4. [`docs/MIGRATION_v0.7_TO_v1.0.md`](docs/MIGRATION_v0.7_TO_v1.0.md) —
   developer migration guide.
5. `configs/invariants.yaml` — the contract the framework enforces.
6. [`docs/EXAMPLES.md`](docs/EXAMPLES.md) — practical extension recipes.

---

## Compliance disclaimer

GLOSTAT v1.0 is an **information tool** for personal use. Output is a
probability distribution with explicit confidence intervals and source
provenance — **not** an investment recommendation, not a securities solicitation,
not financial advice. Past calibration data does not guarantee future
predictive performance. Users are responsible for their own decisions.
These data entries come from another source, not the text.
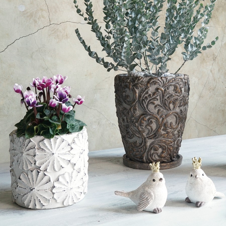 可愛い動物のオブジェをはじめ、アフリカンやエスニック系のかっこいい系、アラベスク柄やダマスク柄といったエレガント系のものまで、どなたでもお取り扱いいただけるように幅広いジャンルのデザインの鉢を数多く企画開発しております。
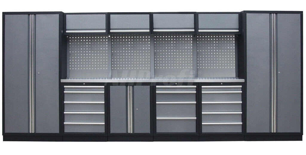 Zostava 21 ks, 4535 x 495 x 2000 mm, nerezová pracovná doska, modulárna, celokovová, šedá. Horné skrinky: 4 výklopné. Spodné skrinky: dvojkrídlové / 4 a 2x 5 šuplíková. Vysoké skrine: 2 široké. 4 dierované dosky s rozstupom 38 x 38 mm. Kvalitný dielenský nábytok vhodný pre profesionálne servisy aj domáce garáže a dielne.
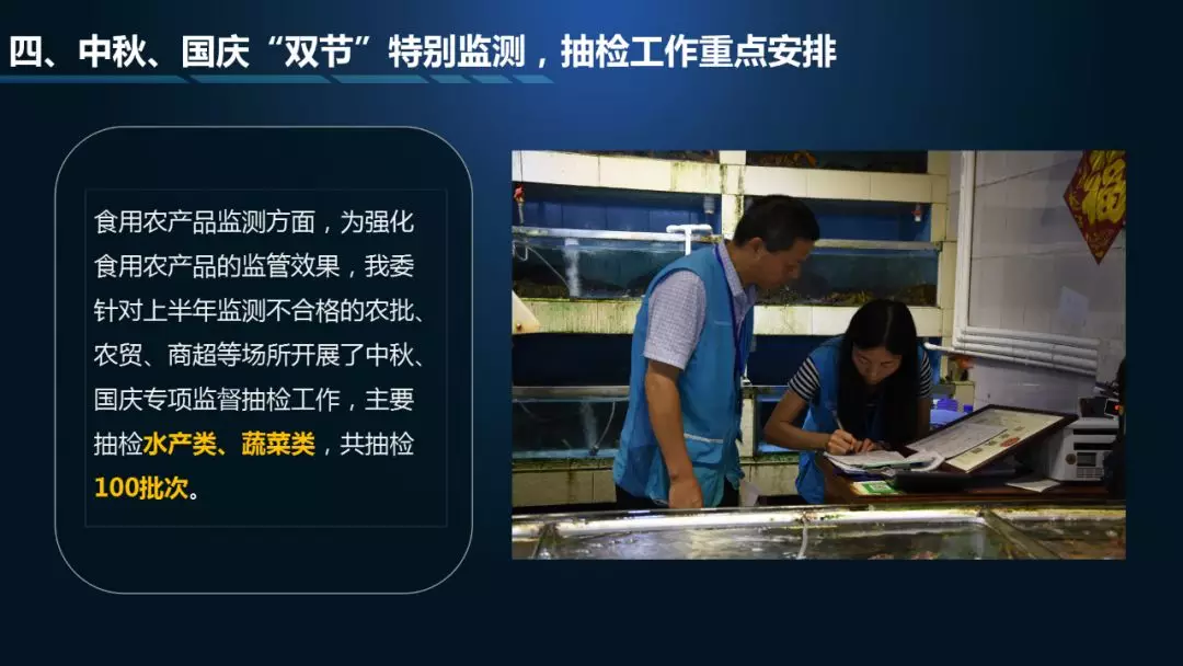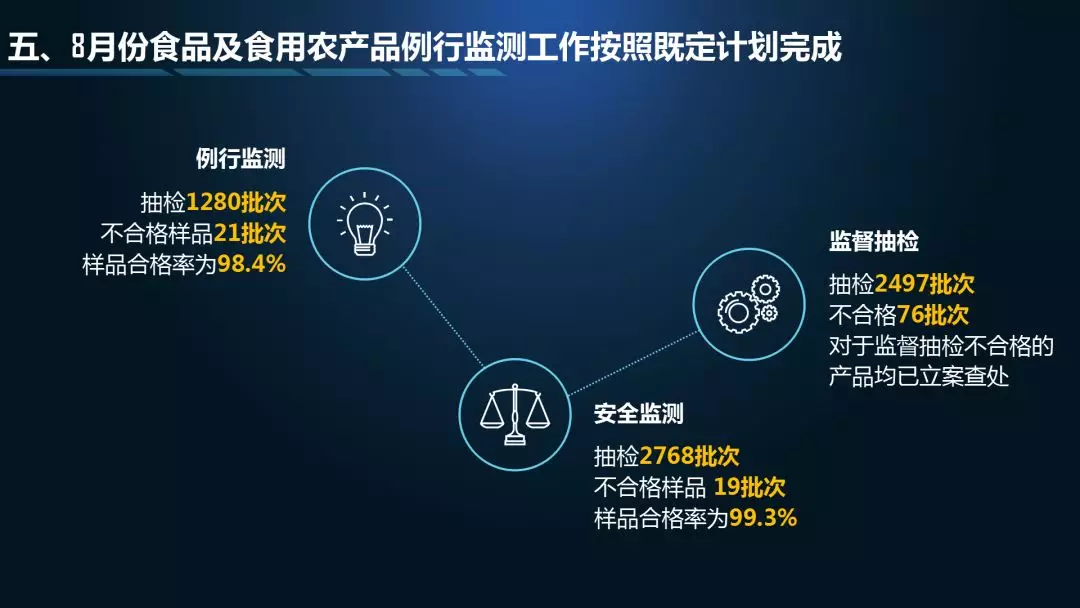 第二個(gè)“3”是三項(xiàng)檢測結(jié)果通報(bào),分別是中秋、國慶的特別監(jiān)測通報(bào),8月份食品例行監(jiān)測通報(bào),8月份食用農(nóng)產(chǎn)品例行監(jiān)測通報(bào);
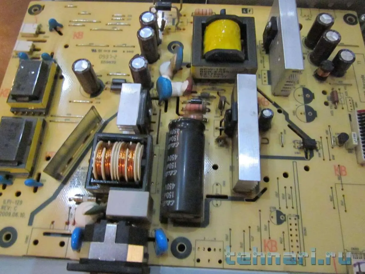 Действия должны быть такие: включаете монитор, как только появляется шипящий звук, выключаете свет (должна быть полная темнота) и смотрите на плату где происходит пробой изоляции. Д.б. заметен коронный разряд. Далее не отрывая взгляда с этого места включаете свет и фотографируете его крупно с хорошим разрешением. С указанием стрелочкой места разряда выкладываете фото сюда. Будем думать чем Вам помочь.
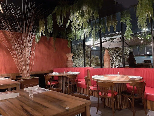 Na entrada do restaurante em frente ao shopping, uma área externa de convivência com confortáveis sofás de ratan e algumas mesas, além de uma recepção. Iluminação e paisagismo composto por árvores e flores, dão as boas vindas ao cliente.
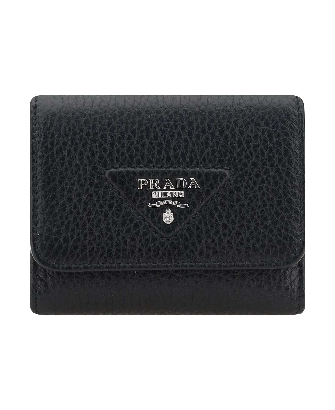 Prada's grained leather wallet is an elegant and practical accessory made of high-quality grained leather. the trifold design opens in three parts, providing optimal organization. the flap and snap-button closure on the front offers security, while the iconic applied monogram adds a distinctive and recognizable touch. inside, the wallet features a coin pocket with flap, card slots to keep cards tidy and a bill compartment. Composition: 100% % Calf Leather Bos Taurus
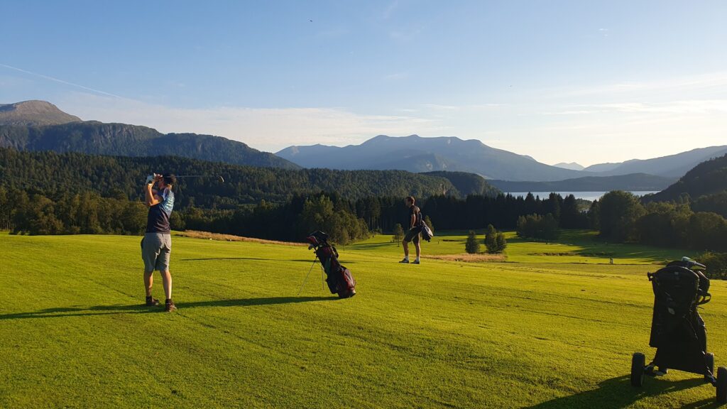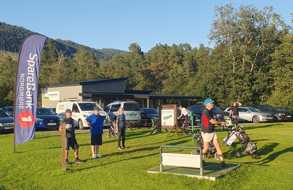 Det var en nydelig sensommerkveld på Surnadal Golfpark onsdag 27. august. Her med Erkki Morten Klami og Torgeir Kvendset som «fotomodeller» på hull 1.

`broadcast_telegram` and `mass_email` raise `ComplianceError` permanently and
unconditionally (INV-GS-024). Every `Prediction` instance carries a non-empty
`disclaimer` field, validated at construction time (INV-GS-104).

---

## Contributing

Issues and pull requests are welcome. Useful directions:

- **New thesis modules** that screen a *different* thesis (event-driven,
  cross-asset momentum, options-implied, factor-based). Must include
  calibration data.
- **New data source clients** (Polygon free tier, Tiingo, Stooq, FRED) routed
  through `DataRouter` with phase gating.
- **Refinements to Brier weighting / sample-size guards** in
  `predictor/composite.py`.
- **Fixes / hardening** of the snapshot broker, hindcast harness, or
  compliance gate.

PR template enforces:
- New thesis → calibration row in `cache/calibration_table.parquet` (INV-GS-026, INV-GS-105)
- No new INV-GS-101 violation (no BUY/SELL output)
- No new INV-GS-024/104 weakening (no broadcast, no missing disclaimer)
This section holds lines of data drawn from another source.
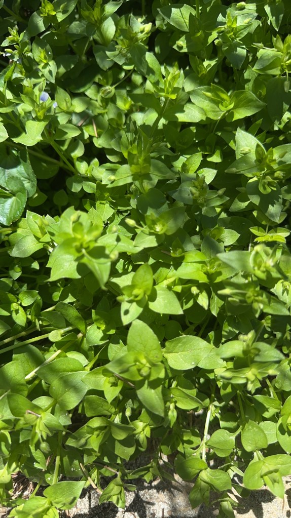 The chickweed is simple: clip it (rather than pulling up from the roots), wash it (I like to use a vinegar water soak), and bag it with a few paper towels to absorb moisture. Munch on it directly from the bag or use it as salad greens.
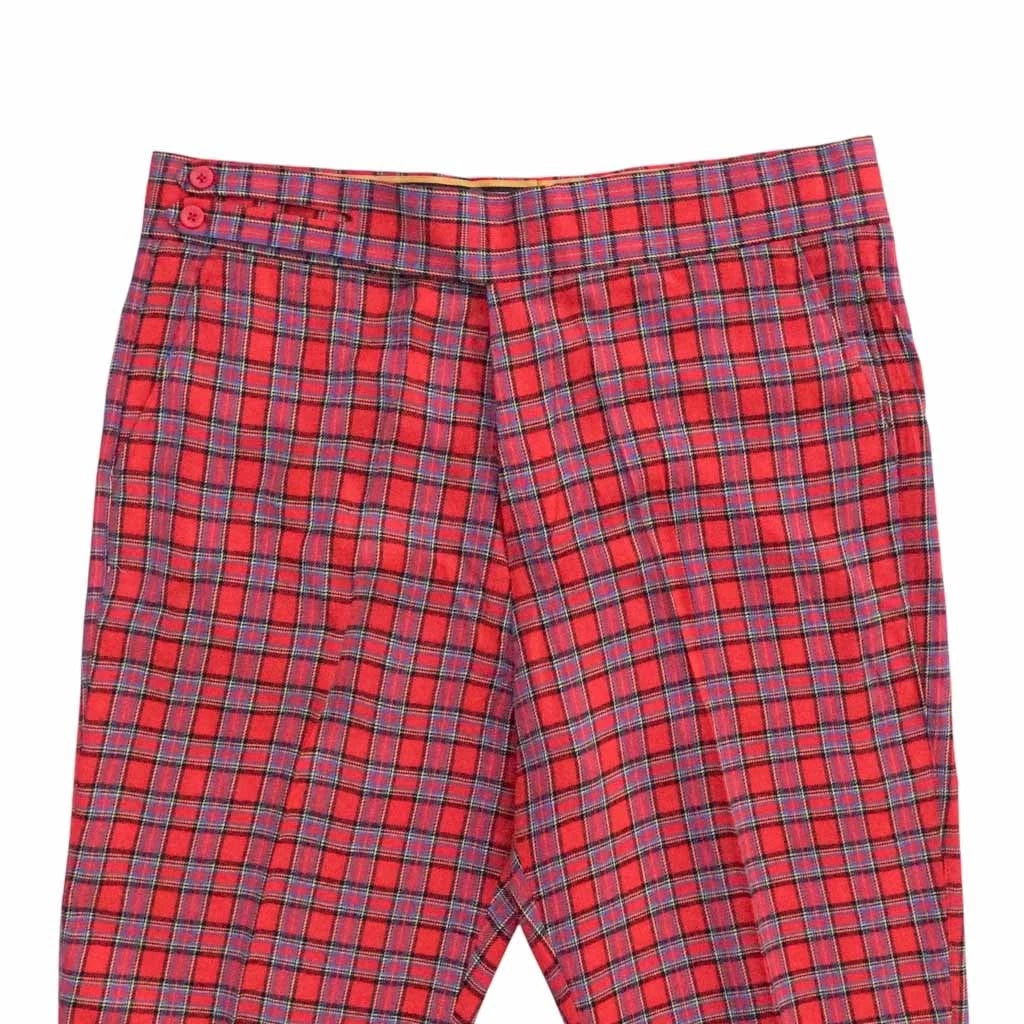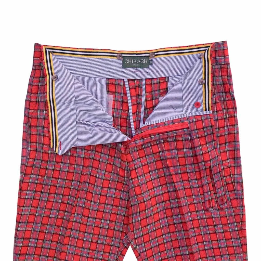 Red, Blue, & Yellow Tartan Plaid Gurkha Pants – Handmade Designer Trousers for Men | 100% Cotton by Chiragh
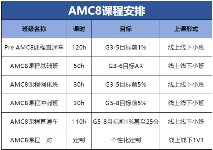开设包括Pre-AMC8直通车、AMC8基础班、强化班、冲刺班、模考班以及全程班等,具体根据前测卷及基础匹配适合班型!
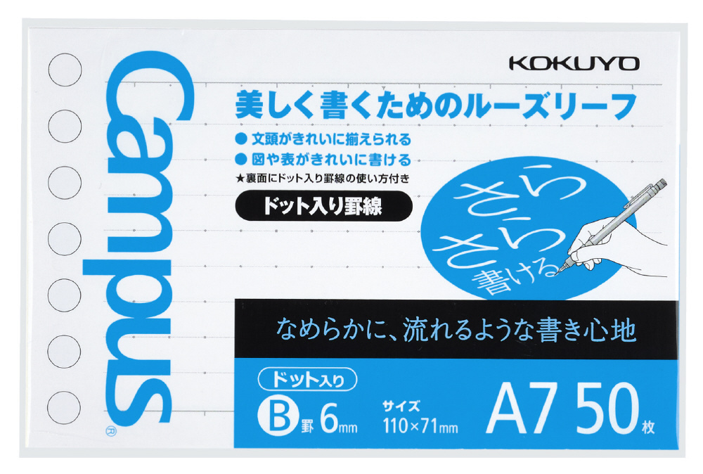 ルーズリーフ 50枚 [A7/B罫ドット] Campus(キャンパス) さらさら 896BT
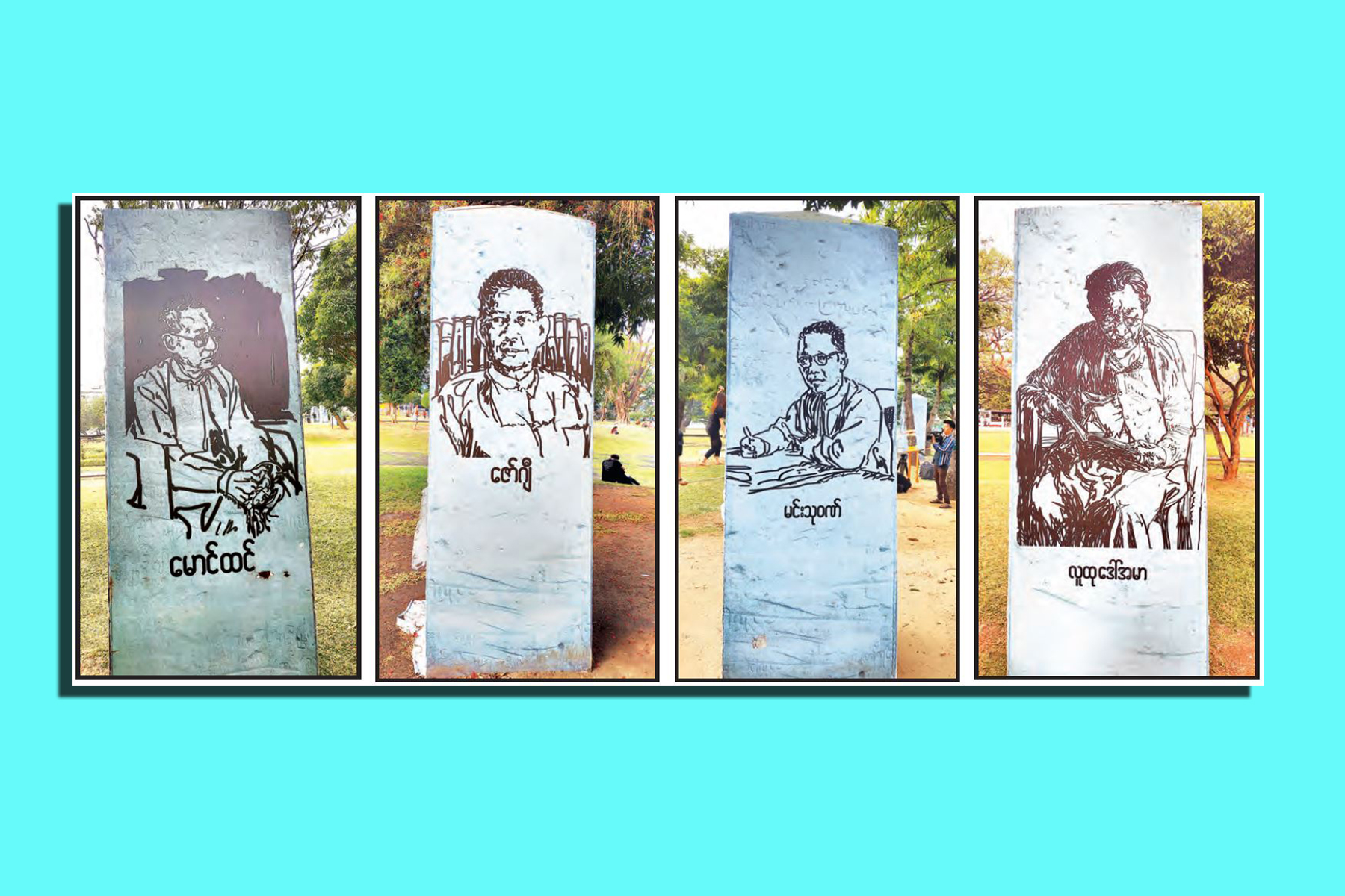 ပန်းခြံအတွင်း ကုန်းမြင့်အရိပ်အာဝါသရှိသော နှစ်နေရာတွင် ဆရာ သိပ္ပံမောင်ဝ၊ ဆရာဇော်ဂျီ၊ ဆရာမင်းသုဝဏ်၊ ဆရာဒေါင်းနွယ်ဆွေ၊ ဆရာ တင်မိုး၊ ဆရာဒဂုန်တာရာ၊ ဆရာမြသန်းတင့်၊ ဆရာဗန်းမော်တင်အောင်၊ ဆရာမ လူထုဒေါ်အမာ၊ ဆရာမောင်ထင်တို့၏ မင်ခြစ်ပုံတူ၊ ကိုယ်ရေး အကျဉ်း၊ စာကဗျာ ကောက်နုတ်ချက်များကို တွေ့ရဖတ်ရသည်။ တန်ဖိုးကြီးလှပေစွ၊ မြန်မာ့စာပေလောက၏ မီးရှူးတန်ဆောင်ကြီးများ ဖြစ်ကြသည်။

See [`CONTRIBUTING.md`](CONTRIBUTING.md) for coding style, INV-GS conventions,
and templates.

---

## License

MIT — see [`LICENSE`](LICENSE). Use it commercially, fork it, embed it, port
it, just keep the copyright notice.

---

## Citing

If this framework helps your research or post-mortem write-up, a link back to
this repository is appreciated. Cite the calibration table version
(`v1.x.0`, quarter-bumped) so reproducibility is preserved.